I have argued with Communists about what Communism means, using the Communist Manifesto to argue that yes, Stalinist Russia was Communist. I suspect I didn't change their minds, but they didn't manage to make a reply. And I don't think it's stupid outright for a non-Communist to say "well, this is what the Communist Manifesto says Communism is about, and these features appear in country X at time y, so country X was communist." (Of course, I might be wrong about a feature actually existing in country X, or I might have stupidly misread the Communist Manifesto, but similar possibities exist for any debate).

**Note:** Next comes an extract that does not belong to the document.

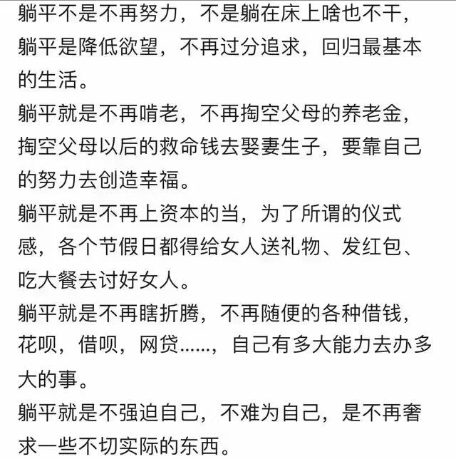 科技技术进步并没有提供给劳动阶层高地位好工作待遇,合理科学假期,越工作辛苦努力,越是天天做事越没钱,两班倒白夜班反倒身体花钱多,躺平者关爱自己身体健康和关爱家人家庭,躺平者伟大。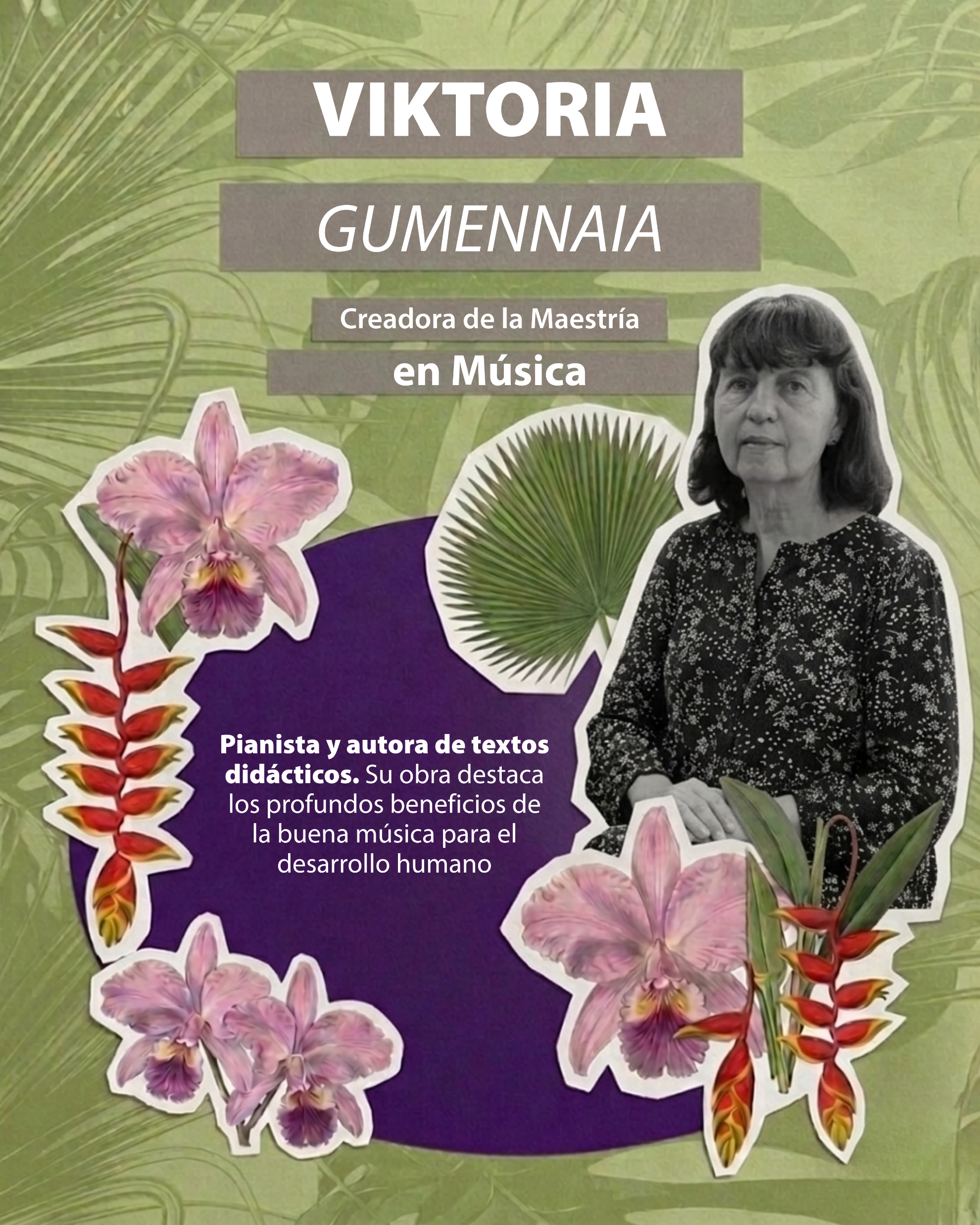 Viktoria Gumennaia Originaria de Moldavia, Viktoria Gumennaia aporta una riqueza cultural y académica extraordinaria a nuestra universidad. Doctora en Bellas Artes egresada del prestigioso Conservatorio Estatal Rachmaninov de Rostov del Don, en Rusia, esta talentosa pianista y musicóloga fundó la Maestría en Música. Como docente de planta adscrita a la Facultad, Viktoria ha consolidado una extensa y respetada trayectoria, enfocando su pasión y conocimiento en la investigación musical profunda, la innovación pedagógica y el invaluable rescate de las tradiciones sonoras que nutren nuestro quehacer artístico.

You said, "It is generally a futile and arrogant undertaking for someone who does not subscribe to a given religion to argue with one who does or what the religion does or should permit."
Your follow-up defense doesn't defend your claim that it's arrogant. It also doesn't defend the claim that it's futile. In fact, it's more likely to be effective than trying to convert them.
Your defense simply says that when doing so, you might be incorrect. I don't think that's true. Is there a "correct" view of Orthodox Judaism? Is there a "correct" view of how one should lead one's life according to Jesus?
In your example, one is clearly incorrect. Naziism does in fact include the extermination of all Jews. But if you could convince a Nazi not to exterminate Jews by convincing him that Naziism doesn't require that, that would be great -- certainly not arrogant.
Of course, if it didn't work, it would be futile. But how can you know that ex ante?